Tiger Bandini had got new lungs and legs off the boon of drink and he was again that twisting shifty dodger who had almost made the team nine years ago in the town close to the Canadian line. He came out of an alley into the town square free of the police, crafty and game, rid of the pain in his hands, which failed against the found whiskey. He tossed the bottle into a grate and saw in the cold moon before him the courthouse statue of the lone Confederate looking curiously southward. He became infatuated right off and with great conviction he emancipated the cat and lobsters, then began climbing the ten feet of pedestal and statue. He did not see the cat remain in the gutter only a short time before it ran at both lobsters huddled and alien there.

Bandini had a free wide heart for the vanquished. He scaled toward the man, all fours engaged, in an act of hunching and embracing. The policeman had driven up to witness this remarkable love, as Bandini almost reached the boots of the defeated. The policeman heard the man cry out like a thing impaled and then it was too ugly for him to watch anymore. The odor of rank sea and a low hissing brought the officer to kneel with his light. Above him, Bandini was going nowhere.
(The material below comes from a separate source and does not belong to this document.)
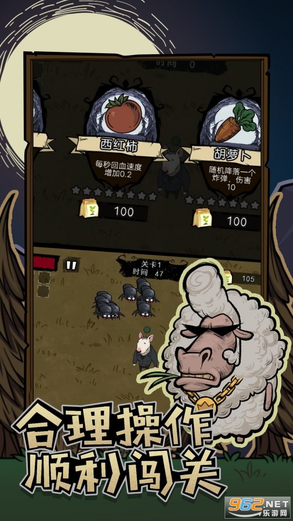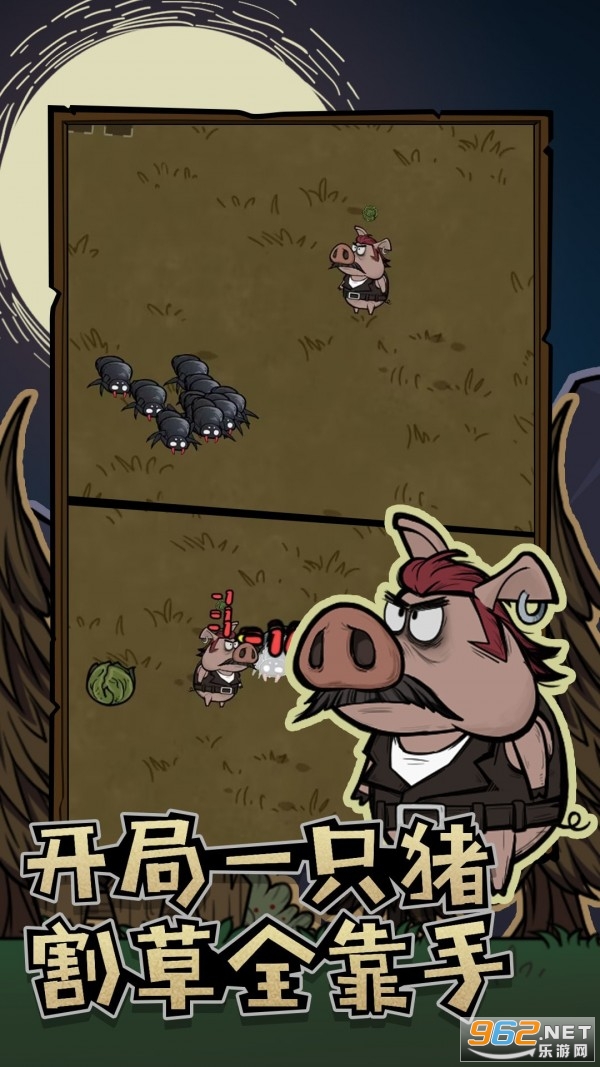 平静的农场每当在夜幕降临时,会出现一些强而有力的怪物来袭,需要玩家在割草动物联盟游戏中不断击退来犯农场的怪物,获取罕见的饲料来提升自身能力值或兑换强而有力的武器保护自己。
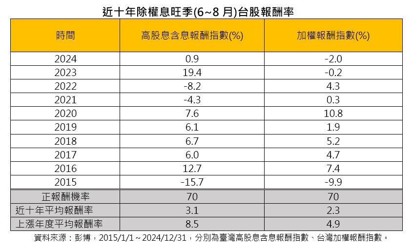 統一投信表示,台股除權息高峰約落在每年的六至八月。據彭博統計過去十年台股除權息旺季數據,臺灣高股息含息報酬指數及加權報酬指數正報酬機率達到七成。

In jail Bandini was given the drunk tank where Cruthers, a lean black man, squatted. Cruthers was a police informer and chauffeur for a town writer who specialized in the burden of history.

Cruthers had twelve or fourteen DUIs. He claimed to be a sergeant in the Vietnam conflict who carried about an M-60, his sweet big baby, and mowed down hundreds. He slept in a tree and went native, a lizard of death from above, abandoned to independent slaughter by an army who did not love it enough and did not have the hair.

Cruthers would drive the writer to far parts, even New York, where the writer would introduce him to his cronies as the burden of history. Late at night with enough whiskey the writer and Cruthers would listen to Sinatra and Presley on a small cassette player and began weeping over the Vietnam dead and the Confederate dead, and, appropriate to the writer’s novel, the Korean dead. When Sinatra sang, it was the dead of World War II.